### Problem requirements
Starting at the line with "Size S, off" and ending at the line with "- Clip skip ※ 設定変更には オプション・パラメータの設定 が必要です", print exactly the lines of the entries below. Pictures do not belong in the copy.

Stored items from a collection
******

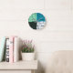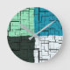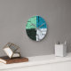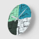 Coal White Teal Green Aqua Blue Modern Pattern Round Clock
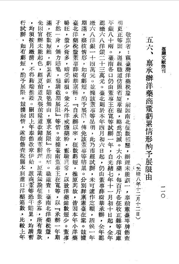 臺南北洋藥稅釐沒有起色,改歸商董辦理 巡臺退思錄卷二 台灣文獻史料叢刊 -
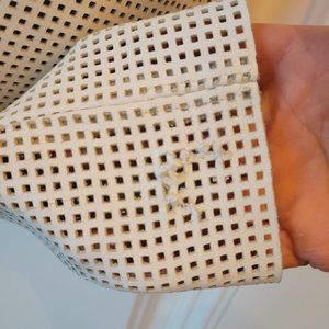 Size S, off white/very light gray, perforated 100% lamb leather jacket with full zip. Minor damage on back side of left sleeve but not highly visible due to nature of the perforation. Gorgeous jacket!!
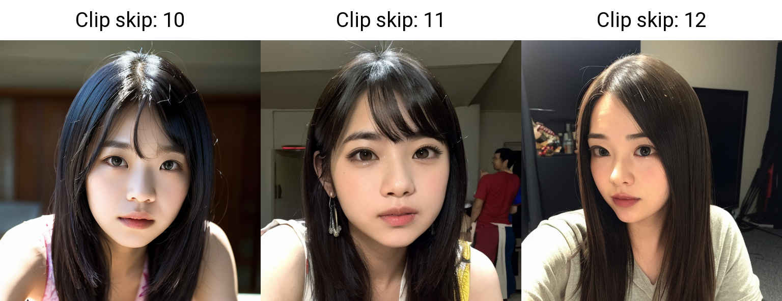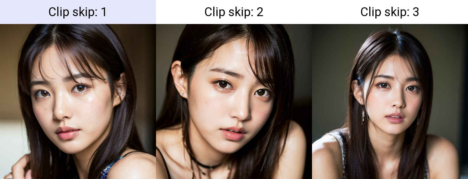 - Clip skip ※ 設定変更には オプション・パラメータの設定 が必要です
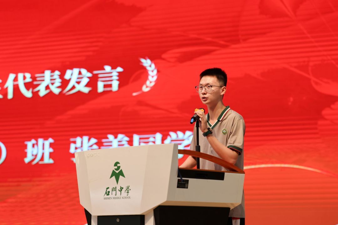 开学典礼上,学校对上一学期表现优异的集体与个人进行了表彰,激励全体同学见贤思齐、奋发向上。随后,高三(6)班张姜同学作为学生代表发言。他表达了石门学子对新学期的憧憬与决心,立志要继承和发扬伟大的爱国主义精神,勤学笃行,追求卓越。高三年级主任陈琦老师作为教师代表寄语全体同学,希望同学们珍惜时光,勇担重任,以智慧和汗水书写青春无悔的篇章。
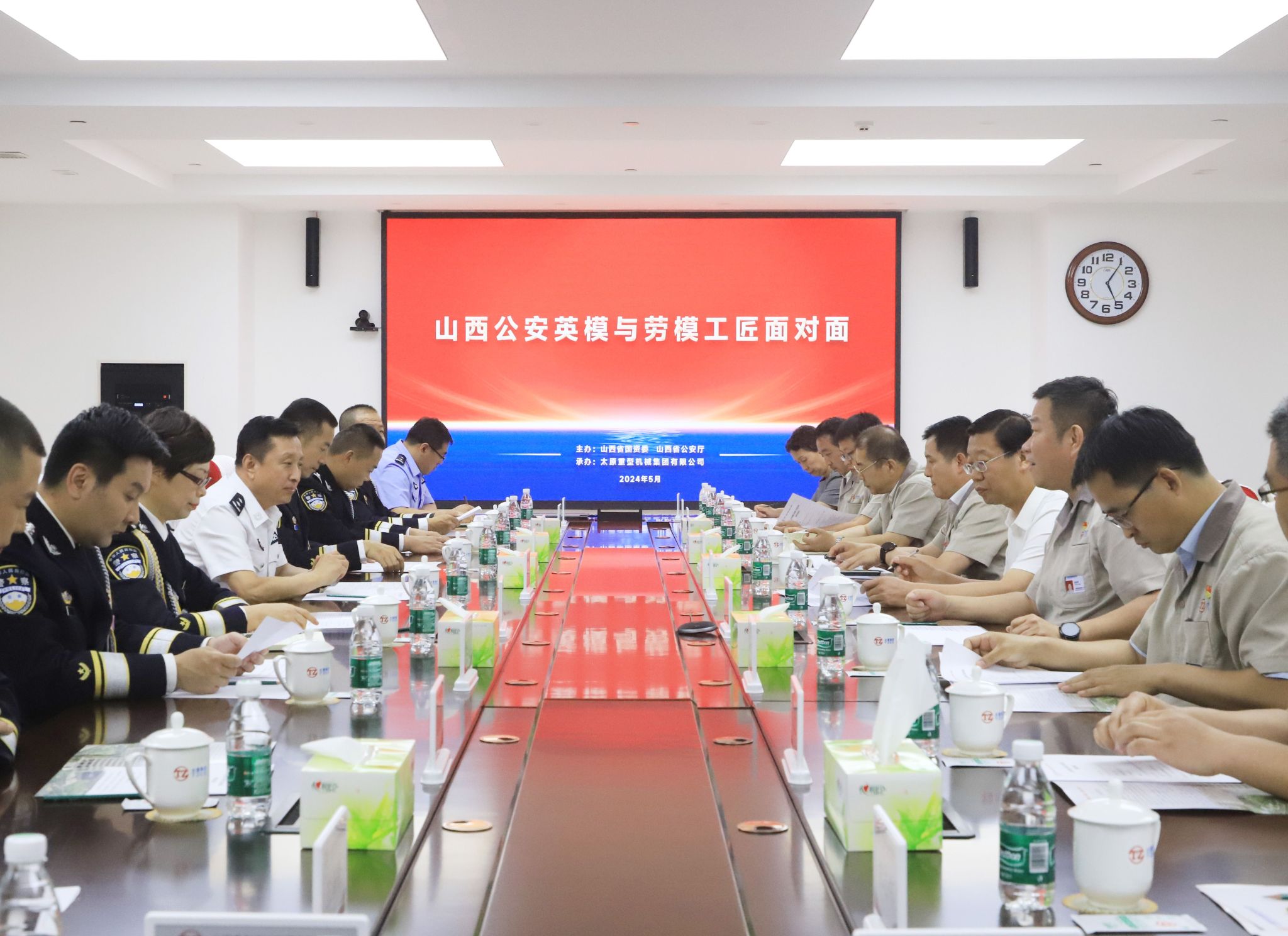 會(huì)后,山西公安英模與太重勞模工匠舉行了面對(duì)面交流會(huì),雙方進(jìn)行了充分的交流發(fā)言,勞模工匠們紛紛表示,聽(tīng)了各位英模的事跡后非常感動(dòng),第一次真切的了解到公安一線工作的辛苦,對(duì)公安英模們深植于心的人民情懷和敢于開(kāi)拓創(chuàng)新的精神感到敬佩,向公安英模和一線干警表示崇高的敬意。公安英模也對(duì)太重勞模工匠為中國(guó)裝備制造業(yè)發(fā)展作出的貢獻(xiàn)表示感謝。他們表示,在參觀太重展覽館時(shí),聽(tīng)到最多的詞就是“第一”、“最大”,無(wú)不體現(xiàn)了太重作為共和國(guó)長(zhǎng)子的信心與底氣,各位勞模工匠為加快推進(jìn)中國(guó)式現(xiàn)代化、發(fā)展新質(zhì)生產(chǎn)力作出了不凡的貢獻(xiàn),是學(xué)習(xí)的榜樣,值得敬佩。

******

### Expected answer
 Size S, off white/very light gray, perforated 100% lamb leather jacket with full zip. Minor damage on back side of left sleeve but not highly visible due to nature of the perforation. Gorgeous jacket!!
 - Clip skip ※ 設定変更には オプション・パラメータの設定 が必要です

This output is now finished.